▶ What you will do: The line that contains "Elevate your style" marks the start. Please set it down, with every later line of the data, exactly and without pictures.

▶ Source data:
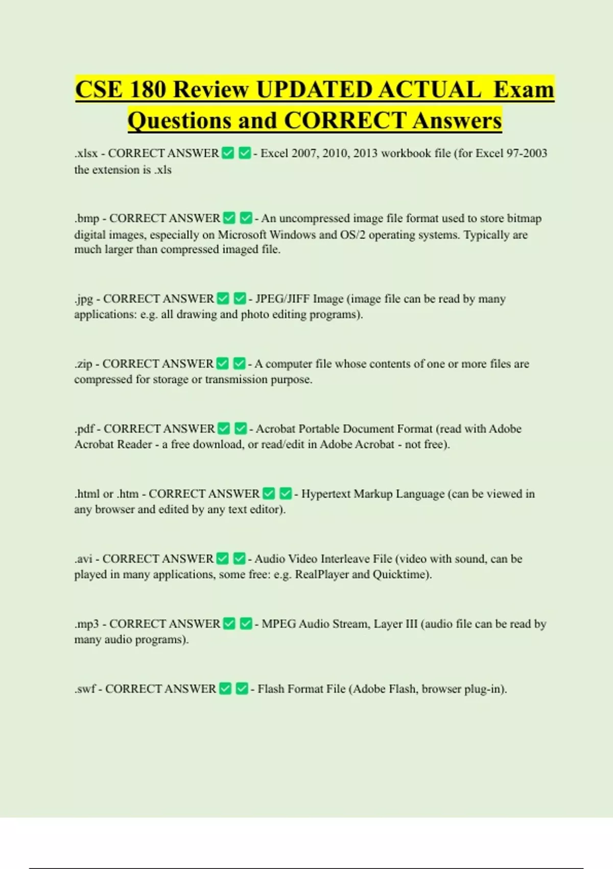 CSE 180 Review UPDATED ACTUAL Exam Questions and CORRECT Answers .xlsx - CORRECT ANSWER - Excel 2007, 2010, 2013 workbook file (for Excel 97-2003 the extension is .xls .bmp - CORRECT ANSWER - An uncompressed image file format used to store bitmap digital images, especially on Microsoft Windows and OS/2 operating systems. Typically are much larger than compressed imaged file
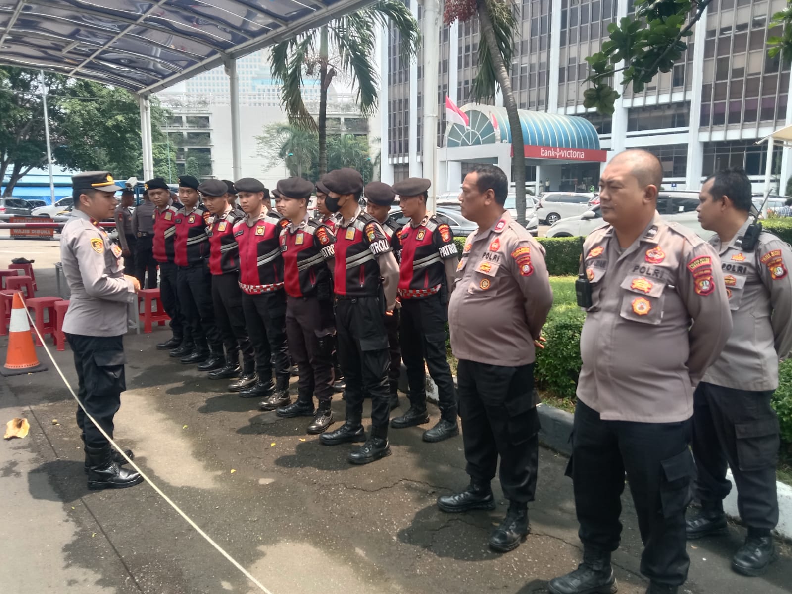 Kuat Pengamanan 18 Personel terdiri dari Pasukan Polda Metro Jaya dan Polsek Metro Tanah Abang. Selesai apel personel di standby kan di objek menunggu massa yang datang.
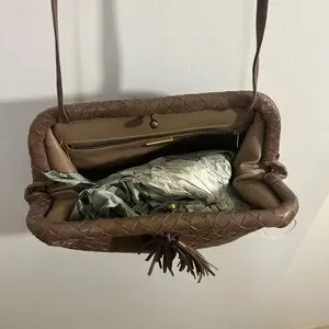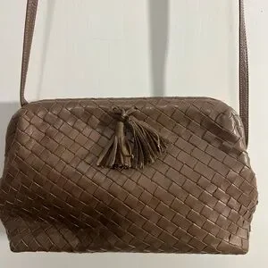 Elevate your style with this chic taupe woven leather crossbody bag. Perfect for daily use, it offers both elegance and practicality.
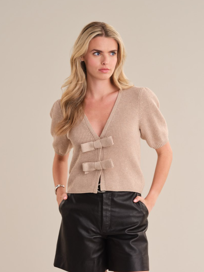 Introducing Elaine: the must-have addition to your wardrobe. This feminine cardigan features a V-neck, short puff sleeves, and rib trim for added style. The bow ties on the front add a touch of femininity, making it the perfect combination of fashion and comfort with its relaxed fit.
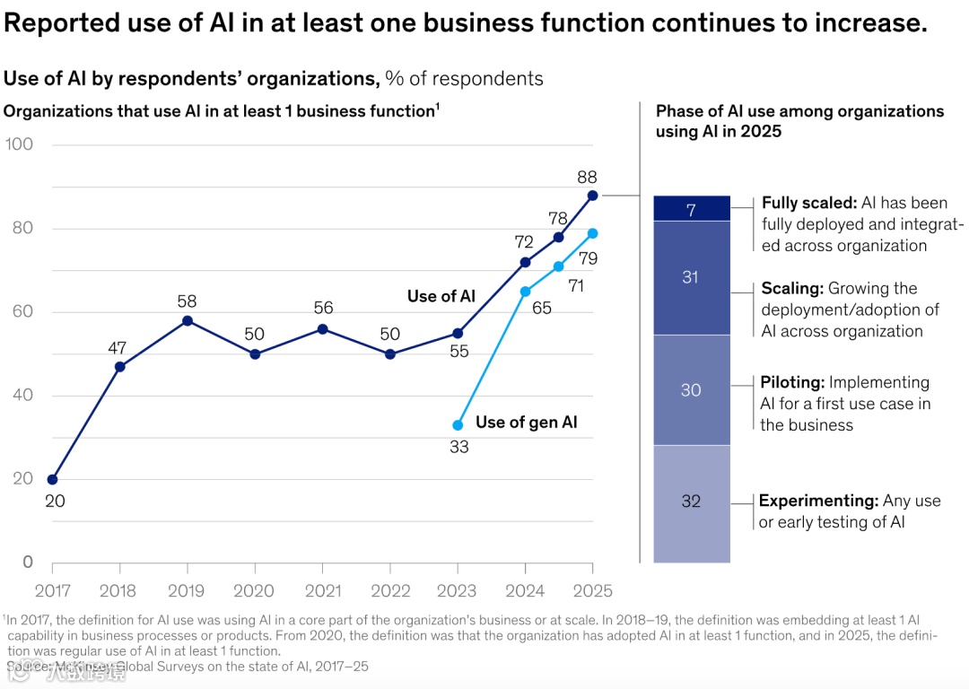 商业热情也在降温。尽管ChatGPT拥有8亿月活用户,但美联储与普查局数据显示,工作中每日使用生成式AI的人群比例仅为12%,一年来几乎停滞。麦肯锡报告揭示,三分之二企业仍处于“试点”阶段,能从中获得超5%收益者寥寥。
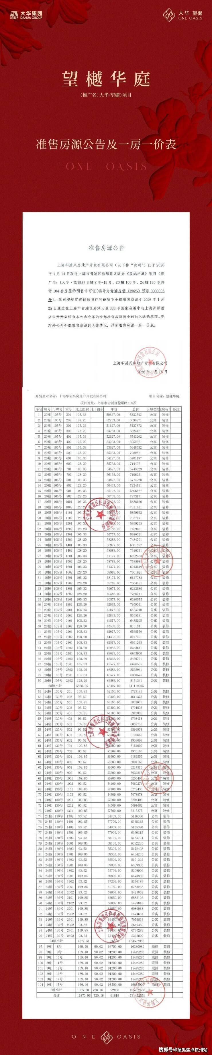 为保障购房者权益,规避非官方渠道误导,现将大华望樾2026年3月30日最新官方信息公示如下,敬请认准:
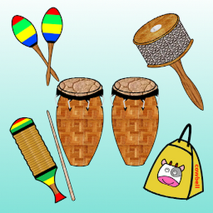 Various percussions: drum, percussion, bongo, cabasa, claves, conga, cowbell, guiro, maracas, tambourine

▶ Expected output:
 Elevate your style with this chic taupe woven leather crossbody bag. Perfect for daily use, it offers both elegance and practicality.
 Introducing Elaine: the must-have addition to your wardrobe. This feminine cardigan features a V-neck, short puff sleeves, and rib trim for added style. The bow ties on the front add a touch of femininity, making it the perfect combination of fashion and comfort with its relaxed fit.
 商业热情也在降温。尽管ChatGPT拥有8亿月活用户,但美联储与普查局数据显示,工作中每日使用生成式AI的人群比例仅为12%,一年来几乎停滞。麦肯锡报告揭示,三分之二企业仍处于“试点”阶段,能从中获得超5%收益者寥寥。
 为保障购房者权益,规避非官方渠道误导,现将大华望樾2026年3月30日最新官方信息公示如下,敬请认准:
 Various percussions: drum, percussion, bongo, cabasa, claves, conga, cowbell, guiro, maracas, tambourine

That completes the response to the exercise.